Case ID: ohio-law-abs_6/html/0507-02.html
Source: Caselaw Access Project
Author: {"author": "VICKERY, J.", "license": "Public Domain", "url": "https://static.case.law/"}
Date Created: 2024-08-24T03:29:51.129683

PICKERING, Admr. v. KOESLING et.
    Ohio Appeals, 8th Dist., Cuyahoga Co.
    No. 8380.
    Decided Mar. 19, 1928.
    Syllabus by Editorial Staff.
    552a. FOSTER CHILDREN — 362a. Decedents’ Estates.
    Foster children can inherit from foster parents, but cannot inherit through them.
    Appeal from Common Pleas.
    Decree for plaintiff.
    F. K. Pickering, Cleveland, for Pickering, Admr.
    Klein, Harris & Diehm and Payer, Minshall, Kareh & Kerr, Cleveland, for Koesling et.
    STATEMENT OF FACTS.
    It seems that the plaintiff, Pickering, was the administrator of the estate of Mathias Hartman, who died intestate, leaving no wife nor children, and Pickering was appointed by the Probate Court of this County as administrator of the estate which amounted to something like $22,000.
    It seems that Mrs. Koesling, having no children of her own, she and her husband adopted two children and that she died before her brother, the decedent Hartman, of whose estate Pickering is administrator. It seems that the decedent left eight first cousins and six children of three deceased first cousins surviving him, who are next of kin and entitled to inherit this property, unless these two foster children of the decedent’s sister are preferred.
    It is claimed by the foster children that under the statute they are nearer in descent to the decedent than the other claimants of this estate, but they admit in open court, that the contestants are relatives entitled to inherit if they are not, but that these claimants are more remote in relationship to the decedent than the two foster children and they base this contention upon the statute, Section 8030 General Code, which provides that foster children are to be deemed and treated as natural children and entitled to all the benefits that natural children would have from the parents. It is claimed in argument that as the law now stands, they can not only inherit from the foster father and mother, but they can inherit through the foster parents.
   VICKERY, J.

Now it must he remembered that the foster mother, the sister of this decedent, died long prior to the decedent’s death and that the foster mother was never seized, either directly or in expectancy of anything that was left by the brother. Of course, if she had natural children, her own children, they would be the nephews and nieces of the brother of the foster mother, but because the statute makes the foster children capable of inheriting from the father and mother, does that make them nieces and nephews of a brother or sister of the foster father or foster mother? We think not. We think thei law is well settled in Ohio, as cited in the case of Quigley v. Mitchell, 41 OS. 375, where the court expressly holds that foster children can inherit from but not through the foster parents. This doctrine was re-affirmed and reasserted in the case of Phillips, Executor, v. McConica, Guardian, 59 OS. 1, but it is argued that since that case was decided the statute has been changed. It has been changed, but we think the change has still made it clear that from all except the foster brothers and sisters they could not inherit from any other relative. Under the law as it now stands, if the foster parents of these claimants had a natural child and the decedent in the instant case had died intestate, the money would have gone to that nephew or niece, the natural child of the decedent’s sister, and had such natural child died after he had inherited that money, then the foster brother and sister could have inherited from him. That is what the change of the statutes means, and that is all it does mean. It does not enlarge the right to inherit through foster parents, except as is mentioned in the statute.
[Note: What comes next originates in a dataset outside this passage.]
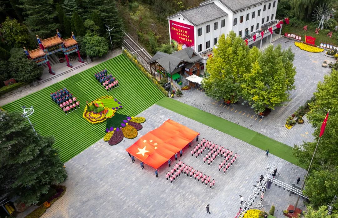 活動現(xiàn)場,景區(qū)員工整齊列隊拼字“73”,并傳遞巨幅國旗為祖國慶生,向祖國獻禮!

To show that they are not the same as natural children: If the foster children had parents that were rich and they died intestate, the foster children, notwithstanding they had been adopted by somebody else and somebody else was liable for their support, would still be the heirs of the natural parents, and nobody would claim, because they were entitled to inherit from their natural parents, that their foster brothers and sisters, children of the foster parents would be entitled to inherit with them from their natural parents. This shows a different relation is existing between them, and the statute was passed to protect, so far as it could protect, the foster children, so that they should be treated like natural children out of the estate of their foster parents who died intestate. They can participate in a division of the foster parents’ estate, for it would be manifestly unjust to deprive them of benefits when they have been regarded as children always, but how that can affect the rights of third persons who had nothing to say about their adoption and' were not responsible for their keep nor entitled to their services in any way, how they could say that could apply to third persons, to outside persons, we do not understand.

We think it is clear and unequivocal that the foster children can inherit from the foster parents, but they cannot inherit through them, and a decree will be entered for the plaintiff, order see journal.